The pensions industry is confronting a “wall of change” in regulation, demographics and technology that demands a new approach to saver engagement and retirement planning, speakers at The Investing and Savings Alliance (TISA) Annual Conference 2025 have warned.

Opening the Rethinking Retirement panel, Aviva managing director, Michele Golunska, said the sector was grappling with overlapping pressures, from regulatory reform to the rise of artificial intelligence, which were reshaping how providers interacted with savers.

She noted that while around 80 per cent of banking customers now manage their accounts digitally, fewer than half of pension savers do the same, pointing to “a huge opportunity” to utilise technology more effectively.

Digital tools, she suggested, could not only re-engage disconnected savers but also help those who “want to learn more but don’t know where to start”.

Without greater innovation and support, she warned, “tomorrow’s pensions risk being poorer than today's”.

Some work is already underway, as Lloyds Banking Group head of pensions policy, Peter Glancy, emphasised the potential of pensions dashboards to spark behavioural change by showing savers the gap between what they have and what they need for retirement.

Earlier engagement could also help with decumulation issues, as Aegon managing director for customers, Andy Manson, argued the current decumulation model “doesn’t work”, stating that simply relying on defaults is unlikely to deliver good outcomes.

Real progress, he said, would depend on engaging members much earlier and more meaningfully, by “meeting customers where they actually are, not where we imagine they are”.

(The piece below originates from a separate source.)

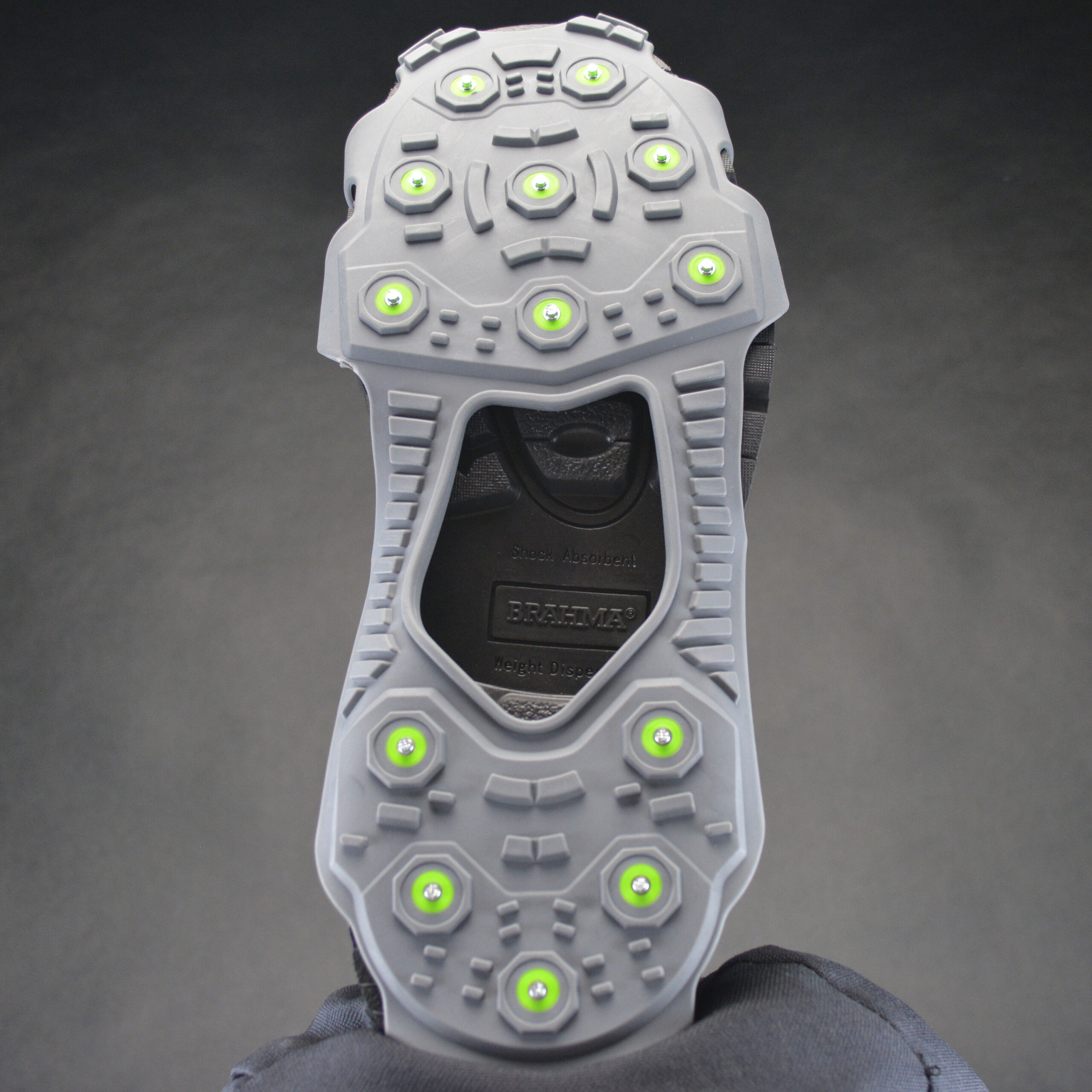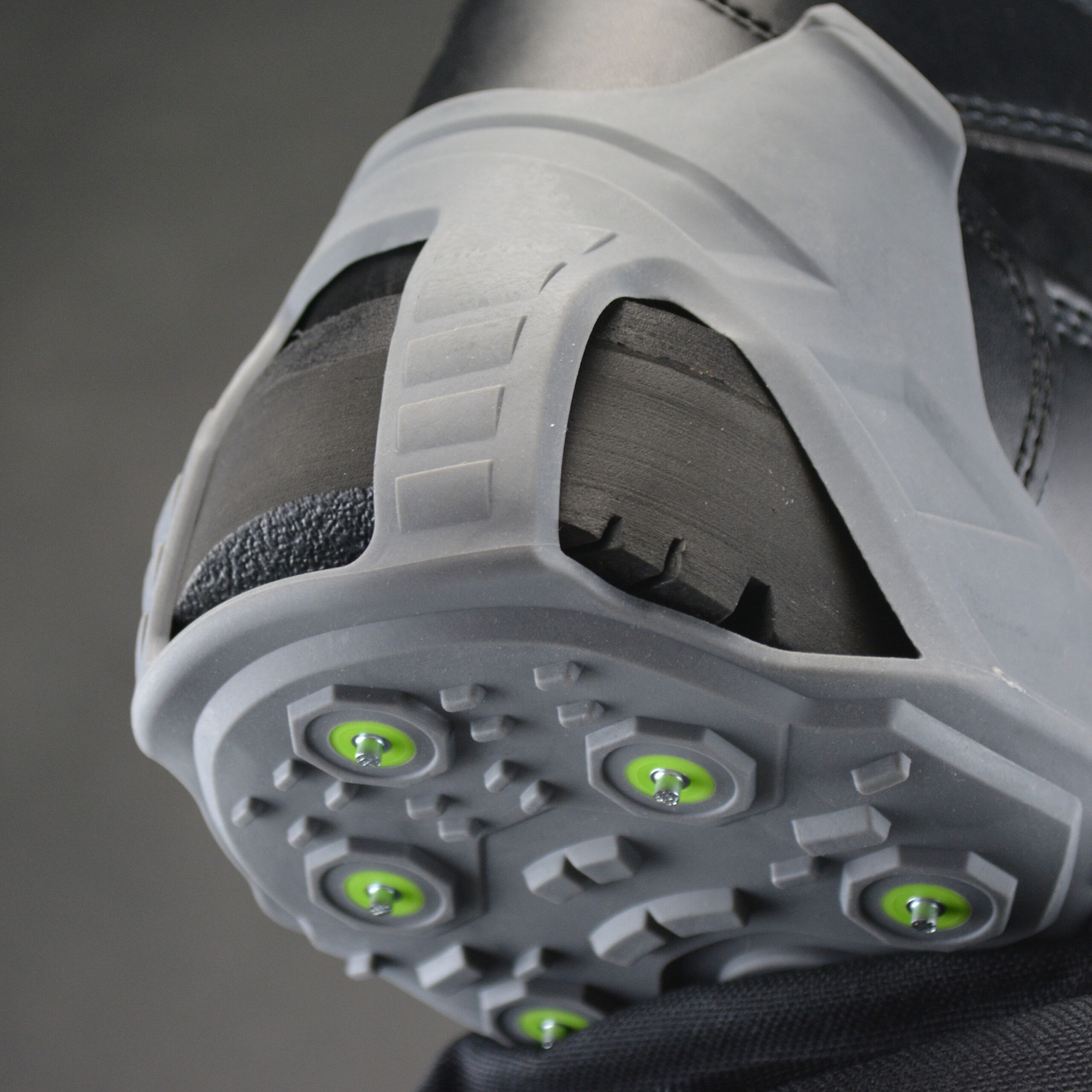 The E-CLEAT™ with WALKING TRACTION® feature 26 “molded-in” carbonized steel studs for aggressive and permanent traction for everyday walking on ice and snow. With E-CLEAT™, employees can have the confidence to walk in slippery winter conditions while still wearing their everyday footwear.

The comments come amid ongoing debate over how to modernise engagement, with both the government and regulators - through initiatives such as pensions dashboards and targeted support - seeking to bridge the continued advice and understanding gaps identified in the market.

The need to help savers navigate complexity with clear and accessible information was also highlighted by Money and Pensions Service (Maps) head of guidance, Charlotte Jackson, who agreed that the pensions landscape is undergoing a period of extraordinary upheaval.

Every aspect of daily life, she said, is being reshaped by regulatory, policy and social change - leaving around 11 million people “confused and overwhelmed” about their pensions.

This sense of instability was echoed by TISA head of retirement savings, Renny Biggins, who argued that short-termism in policymaking continued to undermine progress.

He called for longer-term thinking and cross-party consensus, describing the frequent shifts in pensions policy as a “thorn in the side” for providers trying to improve engagement.

This was not the only call to remember the long-term nature of pensions, as Glancy also cautioned that political and fiscal pressures could complicate progress in the industry, warning that the government faces a difficult balancing act in the upcoming Budget between short-term “emergency measures to balance the books” and the long-term reform work of the Pensions Commission.

These remarks reflect broader sector calls for greater consistency, particularly in light of the work of the new Pensions Commission and the industry’s push for a sustainable, long-term framework.